Epilepsi adalah penyakit serebral kronik dengan karekteristik kejang berulang akibat lepasnya muatan listrik otak yang berlebihan dan bersivat reversibel (Tarwoto, 2007).
Epilepsi adalah gangguan kronik otak dengan ciri timbulnya gejala-gejala yang datang dalam serangan-serangan, berulang-ulang yang disebabkan lepas muatan listrik abnormal sel-sel saraf otak, yang bersifat reversibel dengan berbagai etiologi (Arif, 2000).
B.     ETIOLOGI
Penyebab pada kejang epilepsi sebagian besar belum diketahui (Idiopatik). Sering terjadi pada:
1.       Trauma lahir, Asphyxia neonatorum
2.       Cedera Kepala, Infeksi sistem syaraf
3.       Keracunan CO, intoksikasi obat/alkohol
4.       Demam, ganguan metabolik (hipoglikemia, hipokalsemia, hiponatremia)
5.       Tumor Otak
6.       Kelainan pembuluh darah
Ditinjau dari penyebabnya, epilepsy dibagi menjadi 2, yaitu :
1.       Epilepsi Primer (Idiopatik)
Epilepsi primer hingga kini tidak ditemukan penyebabnya, tidak ditemukan kelainan pada jaringan otak. Diduga bahwa terdapat kelainan atau gangguan keseimbangan zat kimiawi dan sel-sel saraf pada area jaringan otak yang abnormal.
2.       Epilepsi Sekunder (Simtomatik)
Epilepsi yang diketahui penyebabnya atau akibat adanya kelainan pada jaringan otak. Kelainan ini dapat disebabkan karena dibawah sejak lahir atau adanya jaringan parut sebagai akibat kerusakan otak pada waktu lahir atau pada masa perkembangan anak, cedera kepala (termasuk cedera selama atau sebelum kelahiran), gangguan metabolisme dan nutrisi (misalnya hipoglikemi, fenilketonuria (PKU), defisiensi vitamin B6), faktor-faktor toksik (putus alkohol, uremia), ensefalitis, anoksia, gangguan sirkulasi, dan neoplasma.

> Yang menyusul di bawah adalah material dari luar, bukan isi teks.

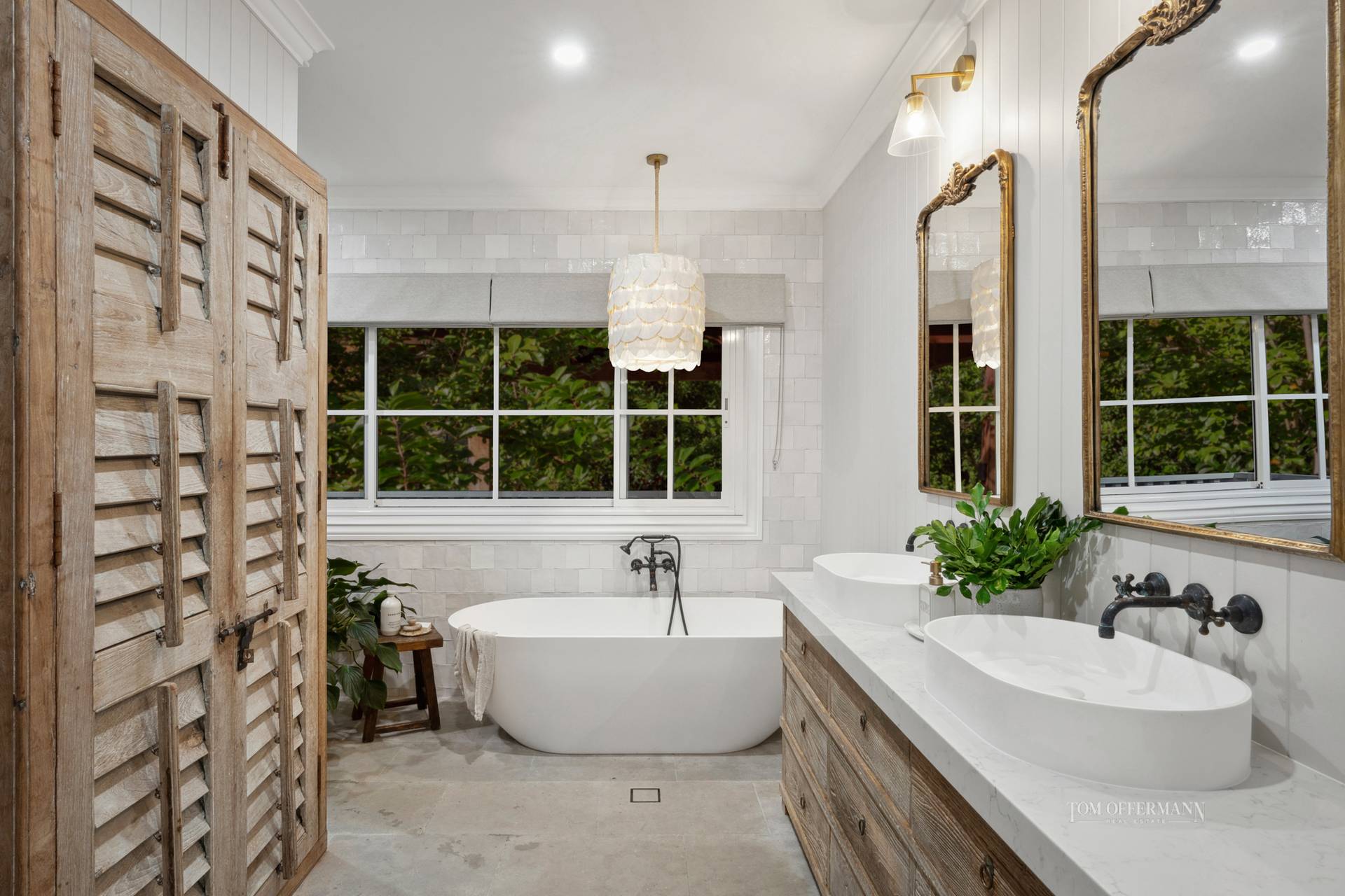 Along the hallway with fluted timber-doored storage are three bedrooms. All have built-in robes plus access open to the western terrace and gardens. They share a bathroom with bathtub and stone-topped two-basin cabinetry. The adjoining powder room has dramatic wallpaper, and cabinetry in cream and jade-hued bone.

Penyebab spesifik epilepsi :
1.       Kelainan yang terjadi selama perkembangan janin/kehamilan ibu, seperti ibu menelan obat-obat tertentu yang dapat merusak otak janin, mengalami infeksi, minum alcohol, atau mengalami cidera.
2.       Kelainan yang terjadi pada saat kelahiran, seperti kurang oksigen yang mengalir ke otak (hipoksia), kerusakan karena tindakan.
3.       Cidera kepala yang dapat menyebabkan kerusakan pada otak.
4.       Tumor otak merupakan penyebab epilepsy yang tidak umum terutama pada anak-anak.
5.       Penyumbatan pembuluh darah otak atau kelainan pembuluh darah otak.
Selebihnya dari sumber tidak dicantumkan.